Problem statement :: Please return, exactly and only, the lines beginning at the top of the entries below and ending with the line containing "Az utolsó napokban"; keep out the pictures.

Data items
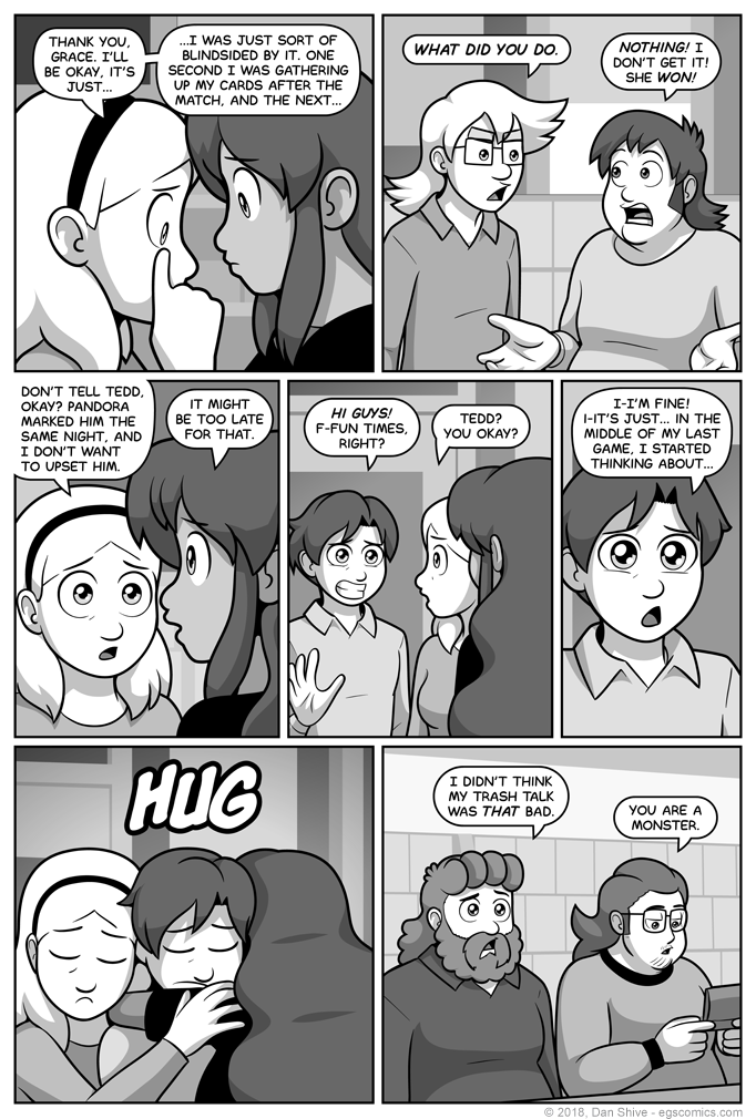 Obligatory reminder that there was a "during the tournament" narration box a couple comics back when Grace was clarifying an issue with the plot--I mean, having an internal moral debate.
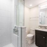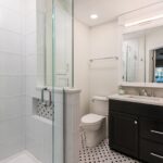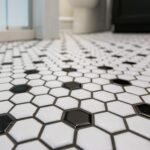 This smaller bathroom remodel achieves a stylish and timeless look with white and black 1×1 hexagon mosaic tiles on the floor, adding a vintage charm. The walls are adorned with sleek Camden White 4×12 tiles, creating a clean and bright atmosphere. These elements maximize the space while delivering a perfect blend of classic and modern design.
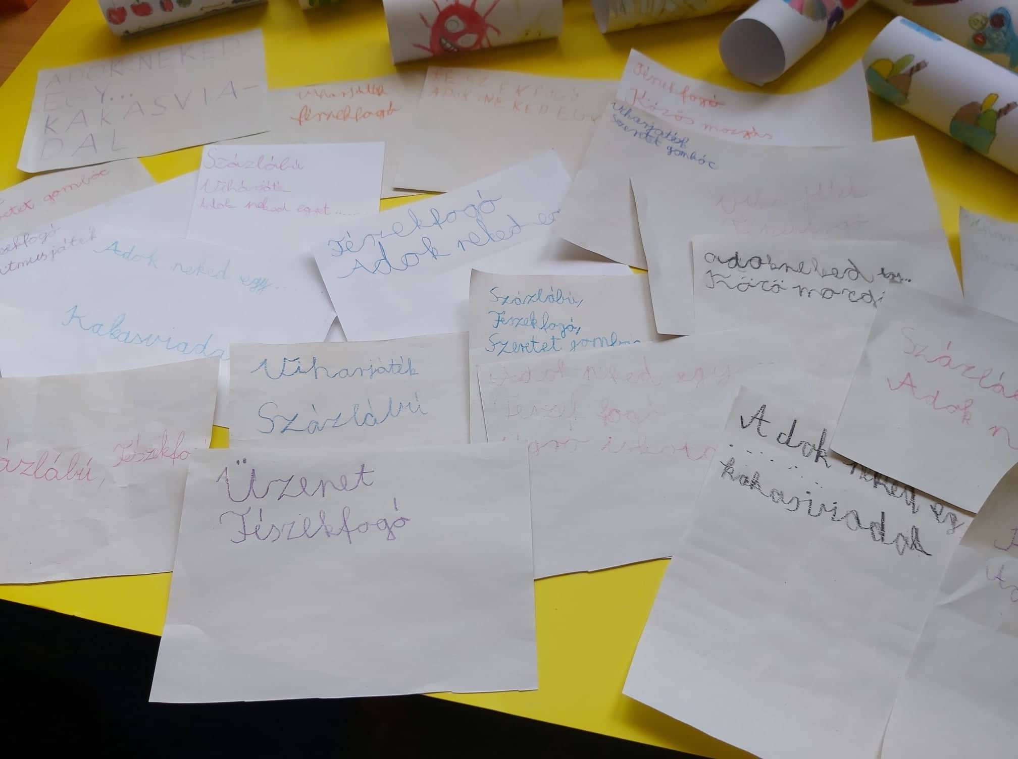 Az utolsó napokban már több időnk volt játszani. A csodapalota című mese meghallgatása után az egyes témakörökhöz, szobákhoz kapcsolódó játékokat eljátszottuk, közben felelevenítettük a régebbieket is. Szinte mindegyikhez volt valakinek egy-egy emléke is, amit most elmesélt. Úgy döntöttek, hogy ne csak egy, hanem két játékot is tegyünk az ötlettárba . A legnagyobb sikere az Adok neked egy …. játéknak volt.
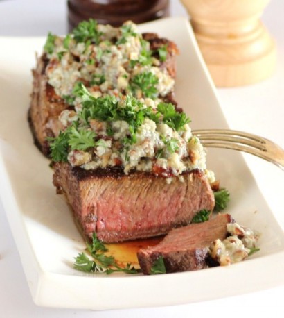 Once steaks are done, transfer the pan to the oven for 5-6 minutes, using a meat thermometer to make sure it has reached 125ºF for medium rare. Remove the steaks from the skillet and top with the cheese topping, cover with tin foil and let rest for 5 minutes. Sprinkle with the optional parsley and serve.
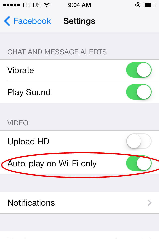 For iOS, hit the Settings icon on your homescreen. Scroll down until you see Facebook. Go into Facebook settings, and choose Video. There, you can toggle video auto-play off, though it only works when the phone is using data, not Wi-Fi.
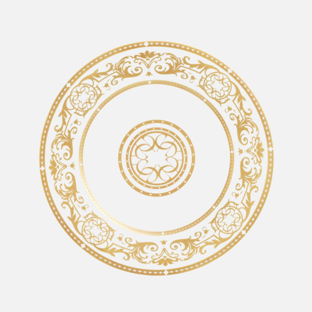 Infuse your table with opulence. Crafted from fine bone china, this refined plate features an intricate Baroque gold motif framing a pristine white background—paying homage to 17th-century grandeur in a compact, versatile size.
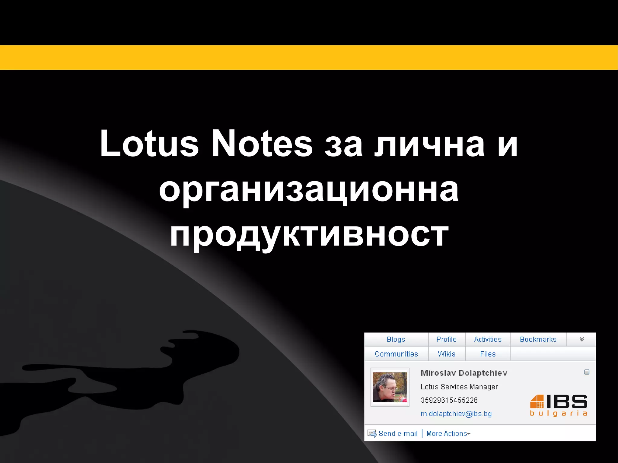 Какво МИ дава Lotus Notes? Повече от мейл клиент Общ интерфейс Сигурност Персонализация Интеграция Notebook – вашата лична база Когато технологията стане "лична" и хората стават по-продуктивни

Exercise answer ::
 Obligatory reminder that there was a "during the tournament" narration box a couple comics back when Grace was clarifying an issue with the plot--I mean, having an internal moral debate.
 This smaller bathroom remodel achieves a stylish and timeless look with white and black 1×1 hexagon mosaic tiles on the floor, adding a vintage charm. The walls are adorned with sleek Camden White 4×12 tiles, creating a clean and bright atmosphere. These elements maximize the space while delivering a perfect blend of classic and modern design.
 Az utolsó napokban már több időnk volt játszani. A csodapalota című mese meghallgatása után az egyes témakörökhöz, szobákhoz kapcsolódó játékokat eljátszottuk, közben felelevenítettük a régebbieket is. Szinte mindegyikhez volt valakinek egy-egy emléke is, amit most elmesélt. Úgy döntöttek, hogy ne csak egy, hanem két játékot is tegyünk az ötlettárba . A legnagyobb sikere az Adok neked egy …. játéknak volt.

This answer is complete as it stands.